Возвращаюсь на Шеппсхольмен, а потом и на Нурмальм. Бреду по набережной, выхожу на бульвар Страндвеген с его ровными рядами невысоких деревьев и выложенной полукружиями брусчаткой. К полудню, а то и раньше, я всегда добираюсь до Юргордена. И просто иду в парк.
Это довольно волнующий момент моего дня. Дело в том, что здесь меня иногда ждут. Совсем не каждый день; чаще нет, чем да. Но сама мысль об этом немного согревает.
Сегодня мне везет.
Я вижу его издалека и сразу начинаю улыбаться во весь свой несуществующий рот. Интересно, узнал бы я его, если бы здесь были и другие люди? Наверное, да. Отец Леннарт — фигура колоритная.
Огромный рост, копна светлых вьющихся волос, очки, за которыми поблескивают голубые глаза. Мой друг сидит на скамейке и бросает хлеб гусям, уткам и чайкам.

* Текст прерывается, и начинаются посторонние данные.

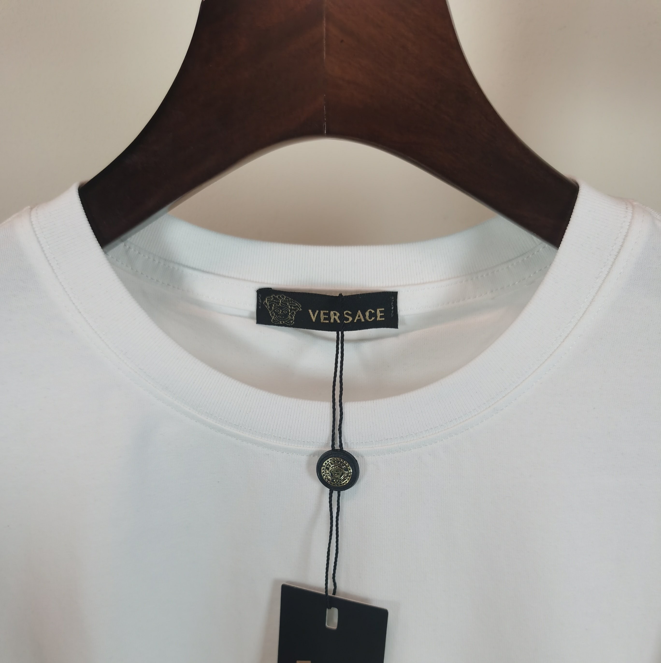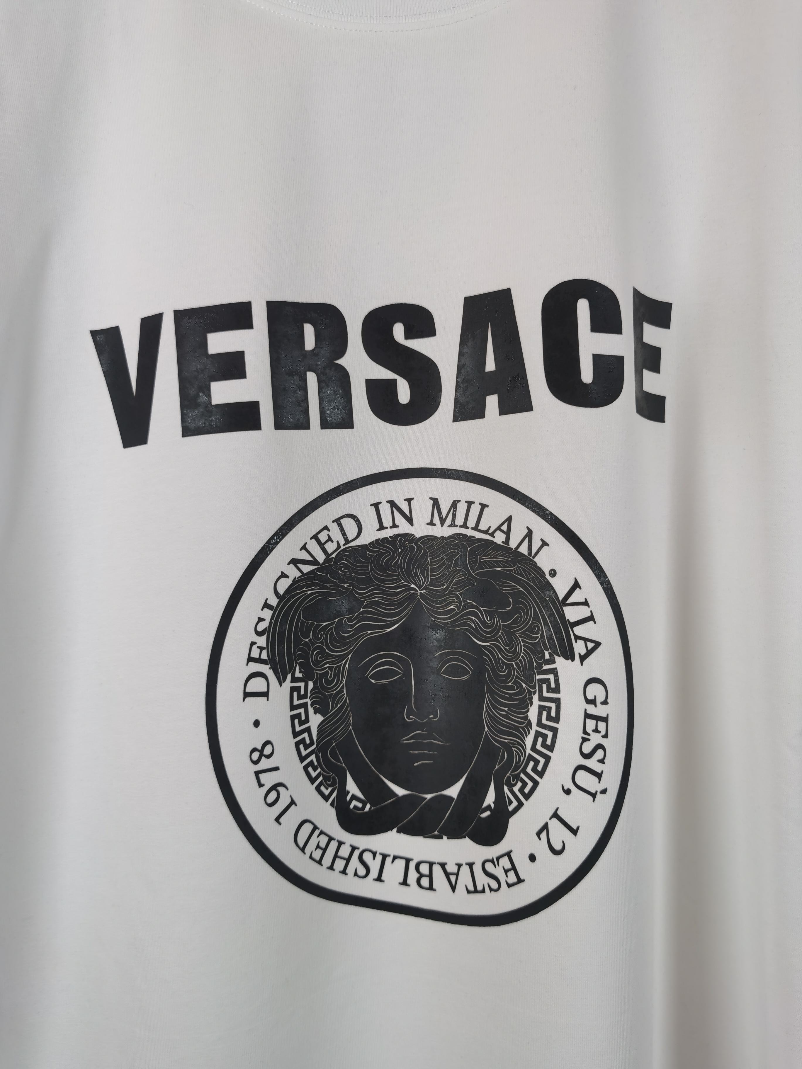 这款衣服是AAAAA 1:1 质量 (非常棒). 使用了和原版一模一样的材料. 商标部分也保持了和范思哲/Versace一样. 图片拍摄是实物衣服拍摄, 您所收到的实物保证和我们图片一模一样.

Я устал повторять ему, что кормить голограммы — глупо. Леннарт только улыбается. «Чайки настоящие», — говорит он. Что ж. Чайки — да. Власти давно махнули на них рукой. Гадят они в любом случае меньше гусей, а просто выселить пернатых разбойников за пределы города, как это сделали с остальными, никак не выходит. Чайки упорно отказываются обращать внимание на обычные звуковые или световые пугалки. Отстреливать их мы не можем. Вот и смирились. Так же, как с единственным на весь город призраком. А еще через пяток лет мы вместе с чайками наверняка попадем в список Стокгольмских достопримечательностей. Настоящие птицы и ненастоящий человек. Символично.
Леннарт поворачивается ко мне и кивает. Разрывает на три части очередную булку и бросает к воде. Не обращая внимания на совершенно натуралистичных уток и гусей, две чайки подхватывают добычу прямо на лету. Их крылья проходят сквозь голограммы. Гуси не видят чаек, так что шипят друг на друга и дерутся. Они научены реагировать на летящие в их сторону мелкие предметы. Но с тем же успехом можно было бы швырять камешки.
Я присаживаюсь на землю, сложив ноги по-турецки. Со скамейками у меня не складывается — как и со многим другим. Но я привык.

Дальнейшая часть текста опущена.